» **EXERCISE INPUTS**:
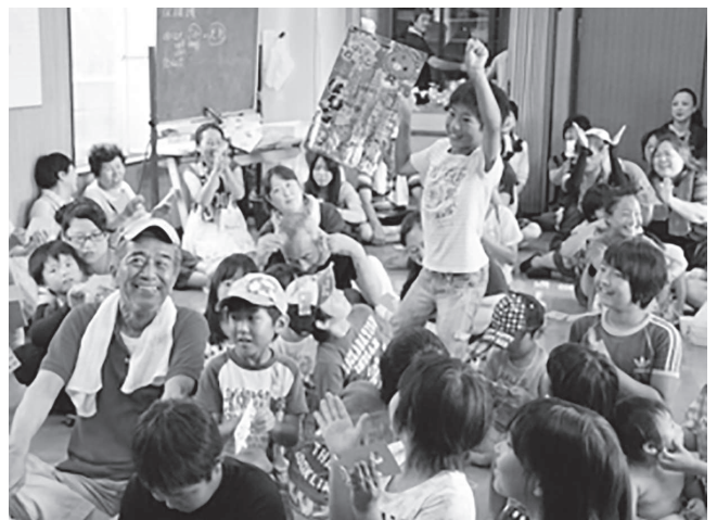
交流会の最後は、ビンゴ大会で大盛り上がり
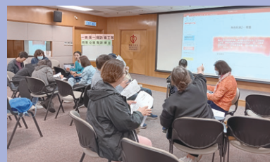
義工分組討論，練習所學
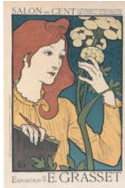
Exposition au Salon des Cent (1898) Eugène Grasset
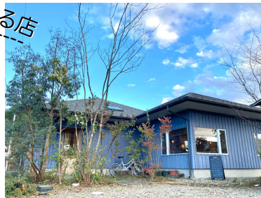
茶室に入っていくイメージで配置された植物たち
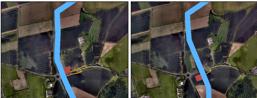
Inset 12: TAT.1.16.
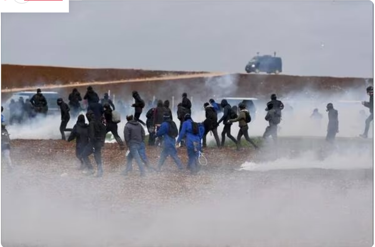
Des groupes de manifestants de plus en plus isolés.
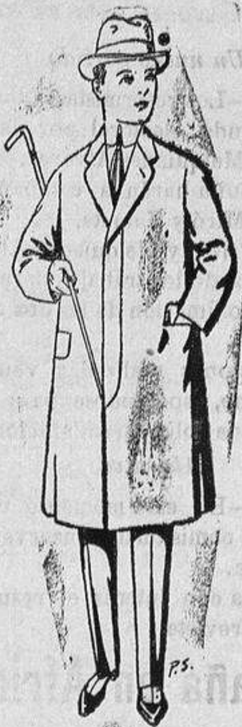
Gabanes de lana para jovencitos de 10 a 16 años De ptas. 14 a 50
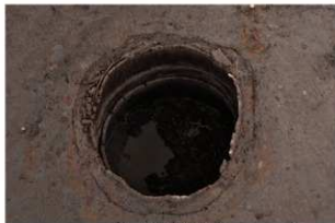
8 第 19 号井戸跡
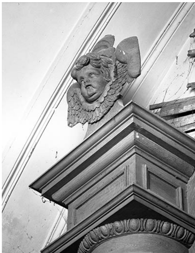
Couronnement de la tourelle gauche, angelot vu de trois quarts droit. 25, Quingey
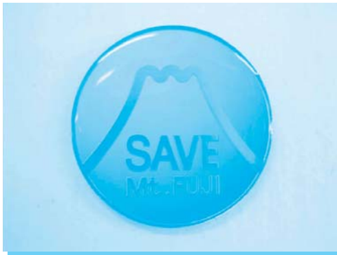
SAVE Mt.FUJI (直径26mm) 1口 300円以上

ふじさんネットワークでは、富士山の環境保全への協力を呼び掛けるとともに、環境保全活動を全国に向けてPRするため、寄付を募り、その記念品として、「富士山ピンバッジ」を配布しています。

» **ACTIVITY**: Pictures aside, give the data again exactly as it appears.

» **SOLUTION FOR THIS EXERCISE**:
交流会の最後は、ビンゴ大会で大盛り上がり
義工分組討論，練習所學
Exposition au Salon des Cent (1898) Eugène Grasset
茶室に入っていくイメージで配置された植物たち
Inset 12: TAT.1.16.
Des groupes de manifestants de plus en plus isolés.
Gabanes de lana para jovencitos de 10 a 16 años De ptas. 14 a 50
8 第 19 号井戸跡
Couronnement de la tourelle gauche, angelot vu de trois quarts droit. 25, Quingey
SAVE Mt.FUJI (直径26mm) 1口 300円以上

ふじさんネットワークでは、富士山の環境保全への協力を呼び掛けるとともに、環境保全活動を全国に向けてPRするため、寄付を募り、その記念品として、「富士山ピンバッジ」を配布しています。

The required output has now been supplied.